PROUDLY SPONSORED BY BEACON PURCHASING
Purchasing and procurement have become increasingly important to the hospitality sector in recent years, with operators and suppliers working together to find new solutions. One of these solutions may be in the very way business transactions take place. Enter: e-procurement systems.
At the Purchasing Forum yesterday, the conversation took the form of a case study of a company which has made the transition to e-procurement. The case study was presented in three parts by:
- The Client: Roy Bing, Magdalen College, Oxford
- The Systems Provider: Andy Badger, EPSYS Ltd
- The Supplier: Colin Harris, Fresh Direct
By the end of the event there was no one in the room who didn’t agree with the sentiment that e-procurement was an inevitability. Given changes in consumer purchasing behaviour, there is ample evidence to support this argument, along with the availability and capacity of technology (including mobile technology). Whilst there has been slower take up amongst smaller and independent operators, the transition could ended up being within a very short window, especially given the efficiency benefits. But are operators prepared for such a fundamental shift in their way of doing business? And even if they are, how can they choose the right system for their business out of the myriad of options available?
“E-procurement is many things to many people, but in essence it is a means by which companies can exchange data and do business online”
The emotional purchase
Comparatively speaking, the retail industry has adapted to online procurement significantly faster than hospitality. This is true both in the commercial sense and business-to-business.
Historically there has always been a feeling in the hospitality industry that we’re different somehow. The rules that apply to other industries can’t be levied against hotels or restaurants or contract caterers because they’re just so the requirements are more complex. But how true is that sentiment, really?
There is no denying that a natural link exists between a chef’s creative exploits and what the supplier has available on any given day or week. Many chefs will create menus based on a special offer, or what the supplier has fresh, available in abundance or locally sourced. In addition, suppliers range in size from ‘one-man-bands’ to specialist operators, with many relationships being built up over years. There is a fear in the industry that this emotional element to the purchasing process may be lost through the use of e-systems. This is not true according to all three of the speakers.

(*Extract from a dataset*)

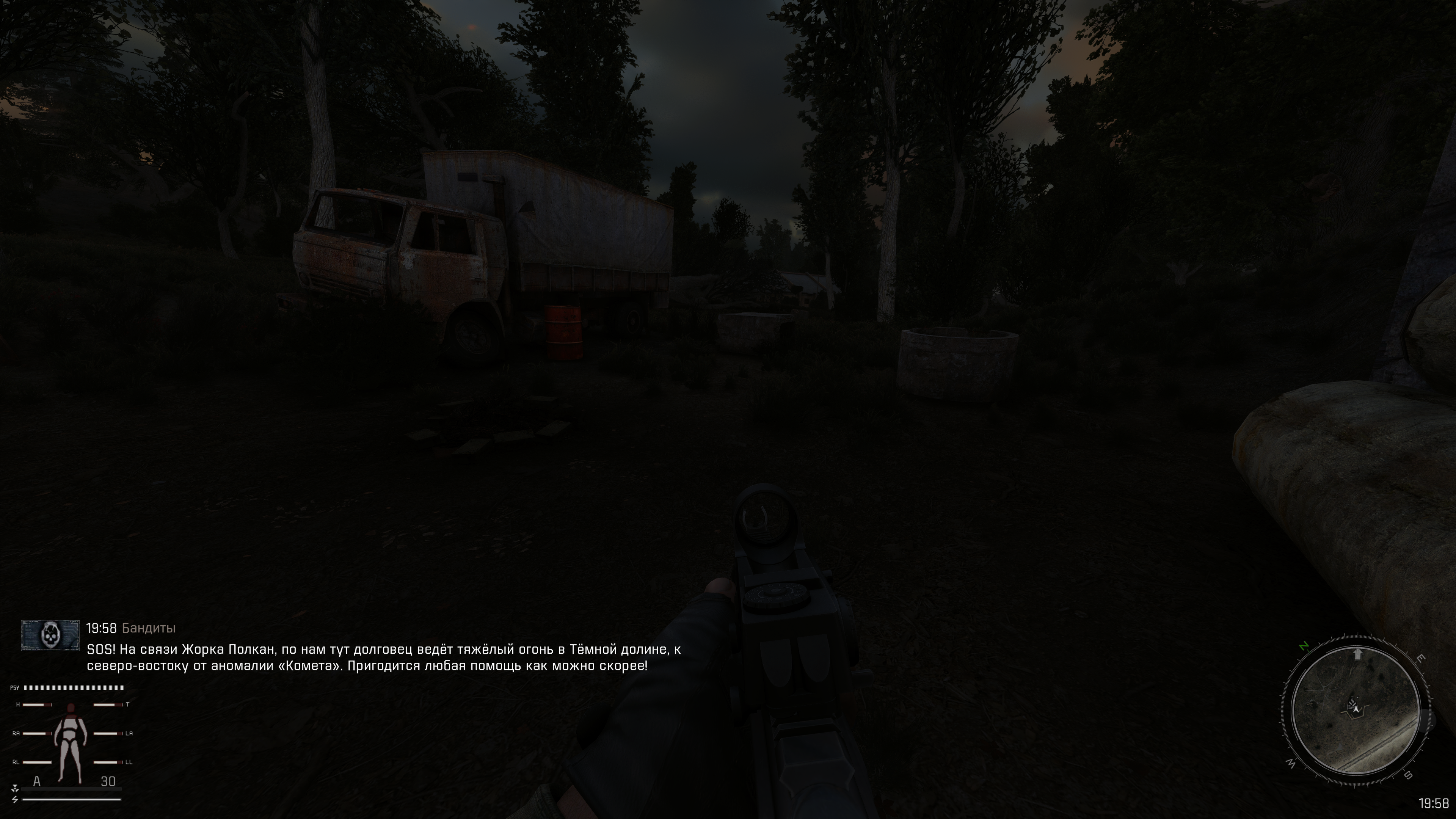 >>9905833 А, лол, перепутал Долину и Лощину. В Лощине сначала пришлось заниматься натуральной акробатикой, чтобы достать тайник на дереве, а затем меня отпиздили кабаны. После перезагрузки не мог запрыгнуть на ветку минут 10 или 15, лол. Дальше пиздец начался. Убил кабанов, прошёл в лес. Справа кровосос разминает очко зомби, слева наёмники, спереди стая собак и снова стадо кабанов. Всё это приправлено лесом, полным аномалий. Чуть не поседел нахуй, пока бегал туда и обратно, у меня ведь стартовая снаряга.
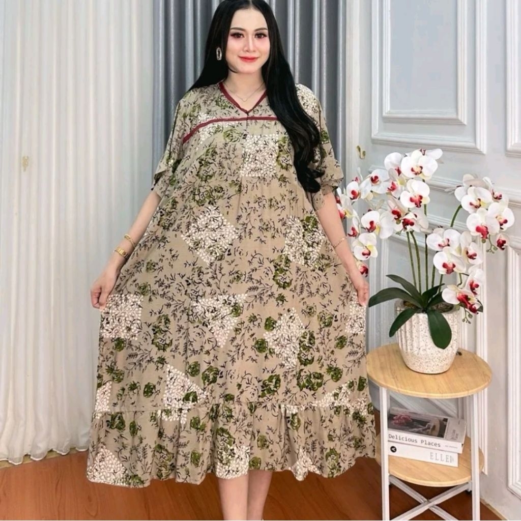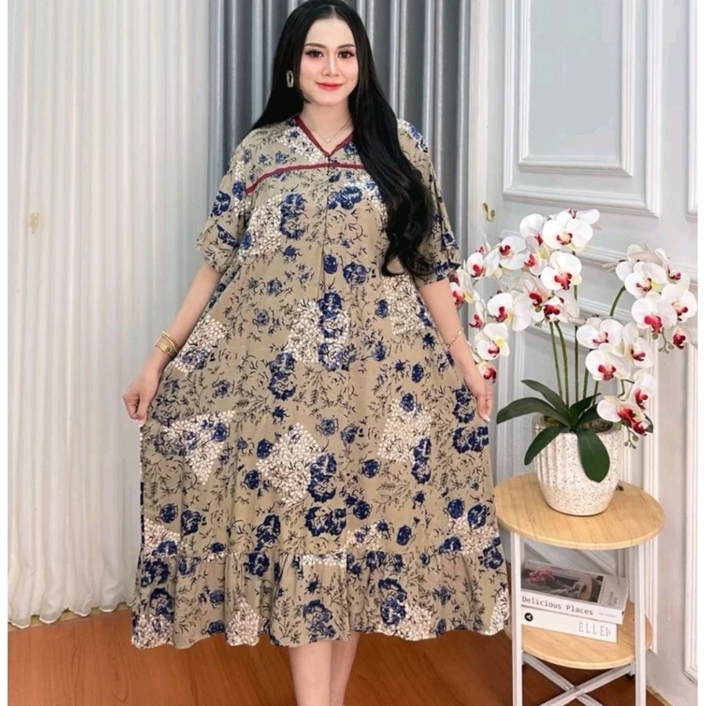 Saemoro Daster Rayon Jumbo LD 130 Wanita Busui Friendly Kekinian Terbaru Premium Resleting Depan / Daster Rayon Jumbo Bu

“The purpose of these systems is to reduce cost and to “free up” staff to spend more of their time completing their daily tasks rather than the cumbersome job of manually placing orders with a myriad of suppliers … Used correctly e-procurement can actually reduce time spent on purchasing decisions, whilst saving money for the business”
The number of e-procurement systems available specifically for the hospitality industry are increasing with some clear benefits to business for those making the change to on-line systems.
E-Procurement and relationship building
It’s a truth universally recognised that anything “new” will always raise some element of aversion before being accepted. And that’s the same for e-procurement systems.
“The head chef was the loudest and most prolific opponent to the use of e-procurement systems – now, he’s its biggest advocate and wouldn’t be without it”
E-procurement systems don’t remove the relationships between supplier and customer – used correctly they can in fact enhance them. The capability of the systems to store information about delivery times; frequency of products being out of stock, special offers, damaged goods etc means the client can accurately track a supplier’s history. According to Andy Badger of Epsys Systems, this means that rather than using a “one off” example of poor service, the client can give exact examples of the suppliers history – a very useful tool in times of negotiation and price agreements!
Another very valid point made in the course of the session related to the potential for e-procurement to deliver better efficiency and cost savings in the business. This particularly relates to stock control, labour costs and to reduce the implications of purchasing fraud.
“E-procurement systems significantly reduce the occurrence of employee theft or kick-backs from suppliers”
Using e-procurement systems enable a business to accurately track its stock levels in real time. Rather than manually checking and re-checking the amount of flour in the stores and fillet steak in the fridge a chef or stores manager need only look at the system online to pinpoint the levels on site. This means that those items used most frequently can be traced and re-ordered as and when required, rather than in bulk and then stored, thus freeing up more space in the building. In fact, one delegate pointed at the use of tablet hardware by staff in their stock room, meant that information was updated readily and accurately by the team, which made a significant difference to ordering patterns.
Employee time and energy is also better spent as chefs can be freed up to do what they do best – creating menus and designing recipes. Rather than haggling on the phone with a supplier a chef can simply access the system as and when required, in full confidence that the orders placed today will be delivered at the time and date required.
The fringe benefits
A company’s Corporate Social Responsibility Policy can be enhanced by the use of e-procurement systems. Besides the obvious reduction in the amount of paper generated, the capacity to store information on the system can also be useful to the business’s CSR planning.
Information pertaining to sourcing of goods; awarding of kite marks such as Red Tractor or Fair Trade accreditation; nutritional information; calorie counting for new recipes; allergen knowledge; fat content etc can all be stored on the systems – creating more confidence in the products being offered to clients.
In the end, the future of e-procurement systems seems to be that they will become a fundamental part of hospitality business. There are choices available for the industry, the question is understanding which one is best for a business. The answer to that is, every one is different – it’s up to each company to source the right system for their business. Yet, the time to act is now.